▶ [DATASET ENTRIES]:
=-=-=

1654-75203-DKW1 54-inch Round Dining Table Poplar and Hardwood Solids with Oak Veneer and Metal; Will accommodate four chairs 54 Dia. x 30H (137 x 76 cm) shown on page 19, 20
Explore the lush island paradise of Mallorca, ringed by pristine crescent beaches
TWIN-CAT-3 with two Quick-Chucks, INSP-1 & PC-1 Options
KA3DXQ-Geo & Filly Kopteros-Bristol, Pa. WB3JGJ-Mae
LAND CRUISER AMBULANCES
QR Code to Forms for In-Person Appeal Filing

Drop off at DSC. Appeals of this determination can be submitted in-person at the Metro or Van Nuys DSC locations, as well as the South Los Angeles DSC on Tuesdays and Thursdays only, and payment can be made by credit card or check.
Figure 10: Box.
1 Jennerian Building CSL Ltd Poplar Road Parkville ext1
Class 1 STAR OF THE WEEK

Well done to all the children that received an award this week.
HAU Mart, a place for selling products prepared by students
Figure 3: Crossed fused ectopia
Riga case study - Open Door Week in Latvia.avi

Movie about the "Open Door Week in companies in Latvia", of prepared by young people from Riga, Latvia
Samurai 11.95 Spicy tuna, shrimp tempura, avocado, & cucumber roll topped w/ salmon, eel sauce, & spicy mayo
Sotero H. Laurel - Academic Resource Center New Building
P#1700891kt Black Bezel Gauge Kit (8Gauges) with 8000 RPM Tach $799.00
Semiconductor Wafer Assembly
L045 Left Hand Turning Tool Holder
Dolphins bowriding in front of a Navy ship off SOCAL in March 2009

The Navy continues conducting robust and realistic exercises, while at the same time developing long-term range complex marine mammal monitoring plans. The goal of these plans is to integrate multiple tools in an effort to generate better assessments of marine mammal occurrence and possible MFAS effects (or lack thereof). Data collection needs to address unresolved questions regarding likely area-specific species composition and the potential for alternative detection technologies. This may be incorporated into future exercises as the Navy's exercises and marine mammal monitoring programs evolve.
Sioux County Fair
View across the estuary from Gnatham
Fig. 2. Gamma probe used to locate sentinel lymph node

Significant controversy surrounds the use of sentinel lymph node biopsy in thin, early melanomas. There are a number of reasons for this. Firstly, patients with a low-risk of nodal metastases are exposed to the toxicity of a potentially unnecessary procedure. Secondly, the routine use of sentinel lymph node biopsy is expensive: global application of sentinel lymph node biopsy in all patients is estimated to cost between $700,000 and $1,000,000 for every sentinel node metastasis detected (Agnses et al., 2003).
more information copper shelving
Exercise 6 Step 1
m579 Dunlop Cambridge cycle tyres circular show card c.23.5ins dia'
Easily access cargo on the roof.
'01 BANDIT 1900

=-=-=

▶ [YOUR ASSIGNMENT]: Only the lines from the beginning of the material above through the line with "Semiconductor Wafer Assembly" are wanted; extract them exactly.

▶ [WRITTEN RESPONSE]:
1654-75203-DKW1 54-inch Round Dining Table Poplar and Hardwood Solids with Oak Veneer and Metal; Will accommodate four chairs 54 Dia. x 30H (137 x 76 cm) shown on page 19, 20
Explore the lush island paradise of Mallorca, ringed by pristine crescent beaches
TWIN-CAT-3 with two Quick-Chucks, INSP-1 & PC-1 Options
KA3DXQ-Geo & Filly Kopteros-Bristol, Pa. WB3JGJ-Mae
LAND CRUISER AMBULANCES
QR Code to Forms for In-Person Appeal Filing

Drop off at DSC. Appeals of this determination can be submitted in-person at the Metro or Van Nuys DSC locations, as well as the South Los Angeles DSC on Tuesdays and Thursdays only, and payment can be made by credit card or check.
Figure 10: Box.
1 Jennerian Building CSL Ltd Poplar Road Parkville ext1
Class 1 STAR OF THE WEEK

Well done to all the children that received an award this week.
HAU Mart, a place for selling products prepared by students
Figure 3: Crossed fused ectopia
Riga case study - Open Door Week in Latvia.avi

Movie about the "Open Door Week in companies in Latvia", of prepared by young people from Riga, Latvia
Samurai 11.95 Spicy tuna, shrimp tempura, avocado, & cucumber roll topped w/ salmon, eel sauce, & spicy mayo
Sotero H. Laurel - Academic Resource Center New Building
P#1700891kt Black Bezel Gauge Kit (8Gauges) with 8000 RPM Tach $799.00
Semiconductor Wafer Assembly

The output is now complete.